Without object permanence, a companion standing near a corner would constantly report "Dana appeared... Dana disappeared... Dana appeared..." as the character walked in and out of the camera frustum. The 30-second timeout eliminates this noise, so the AI only hears about genuine arrivals and departures.

This is a deliberate parallel to developmental psychology — specifically Piaget's concept of object permanence in infants. Just as a baby eventually learns that a toy hidden behind a blanket still exists, our perception system learns that an entity hidden behind geometry probably still exists too.

Spatial Snapshots

When attention triggers a scan and deduplication confirms something has changed, the system assembles a spatial snapshot — a structured summary of everything the companion can currently perceive. This is what the AI actually receives as context.

What Gets Captured

Each snapshot contains three categories of information: nearby characters, visible architecture, and an overall scene summary. Distances are measured in world units, directions are cardinal (north, southeast, etc.), and activities are inferred from animation state.

Spatial Snapshot

Characters:
Dana — 3.2m north, idle
Brock — 8.7m southeast, walking

Architecture:
Whimsical Cottage — 12.4m west, building

Crowd Level: Intimate (2 characters)
Open Directions: East, South

"2 characters nearby, 1 building visible. Dana is closest at 3.2m to the north."

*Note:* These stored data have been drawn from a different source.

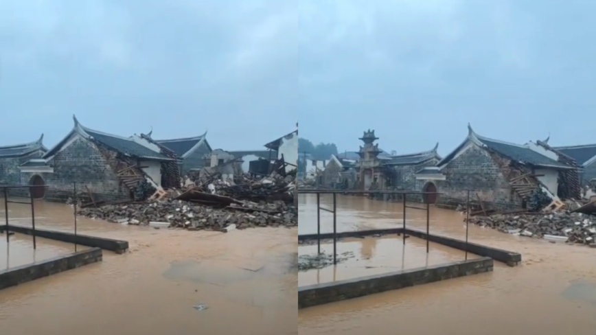 【新!唐!人:北京时间2024年06月18日讯】连日来,福建多地遭遇特大暴雨袭击,多个乡镇发生山体滑坡,有些家中淹水达两米深。日前,“客家第一祠”福建省龙岩市上杭县官田李氏大宗祠发生大面积坍塌损毁。
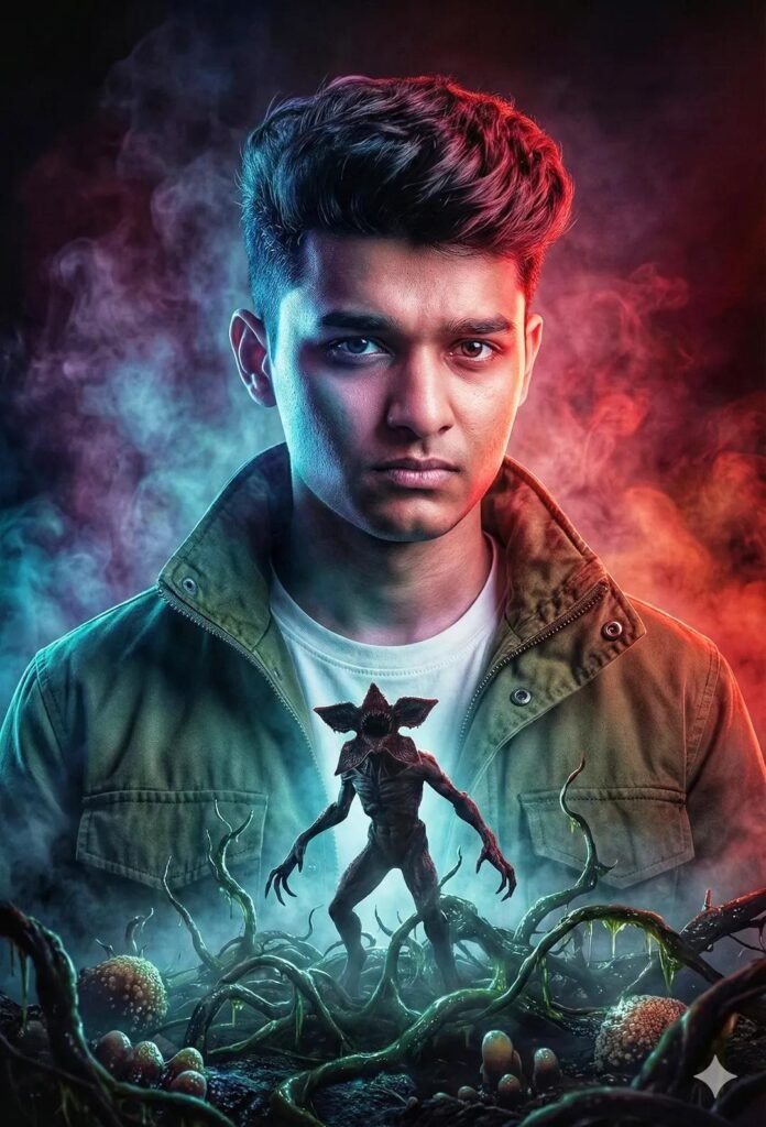 A close-up, cinematic portrait of a young man(same facial structure as image), 20s, with a modern haircut (short on sides, longer on top, styled back). He has a serious, intense expression, looking directly forward. His face is strongly lit with a split lighting effect: a cool blue light on the left side of his face and a warm red light on the right side. He is wearing an unzipped, dark olive green military-style jacket over a plain white crew-neck t-shirt. Below him, in the foreground, is a highly detailed, small Demogorgon creature standing amidst a dark, organic, otherworldly landscape of twisted, slimy black vines, alien plant pods, and dark soil. The background is a smoky, ethereal blend of blue and red mist, creating a deep, atmospheric glow around the subject. The overall aesthetic is dark fantasy, sci-fi horror, and a professional movie poster quality, with dramatic shadows and highlights."
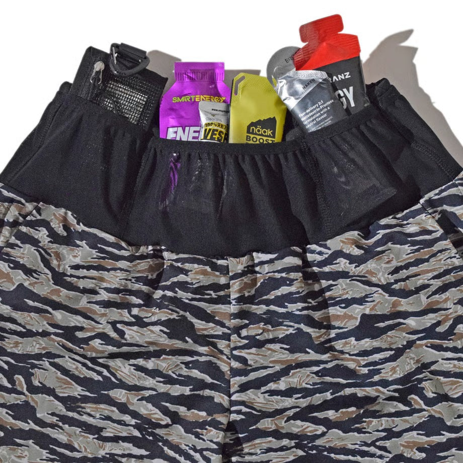 ウエスト部をフィット感の良いポリエステルジャージー素材に切り替え、その上にぐるりと360°に6つのメッシュポケットを搭載。

The natural language summary at the bottom is generated alongside the structured data. It gives the AI a quick, human-readable overview that can be injected directly into a conversation prompt. The structured fields are available for programmatic queries — for example, "who is the closest character?" — without requiring the AI to parse free text.

The Complete Pipeline

Each component described above is a stage in a single pipeline. Data flows through them in sequence, with each stage reducing volume and increasing signal quality.

Attention determines sampling rate

Based on current triggers and decay timers, the system decides how frequently to scan: every 5, 12, or 120 seconds.
Scene scan generates spatial snapshot

The 3D engine is queried for all entities within perception range. Positions, distances, directions, and activities are recorded.
Deduplication filters unchanged data

The new snapshot is compared against the previous one. If nothing meaningful changed, the snapshot is dropped silently.
Significant changes trigger delivery

Only snapshots that pass deduplication are sent to the backend. Object permanence filters confirm departures before reporting them.
Backend stores spatial context

The snapshot is stored as the companion's current spatial awareness, replacing the previous one. Historical snapshots are retained briefly for change detection.
AI retrieves context during response generation

When the companion needs to respond, the latest spatial snapshot is included in its context. The AI knows who is nearby, where things are, and what the scene looks like — without processing a single video frame.

The pipeline transforms raw 3D scene data into lean, meaningful spatial context. From a potential 108,000 raw captures per hour, the AI receives perhaps a few dozen meaningful updates. Each one tells it something new about the world.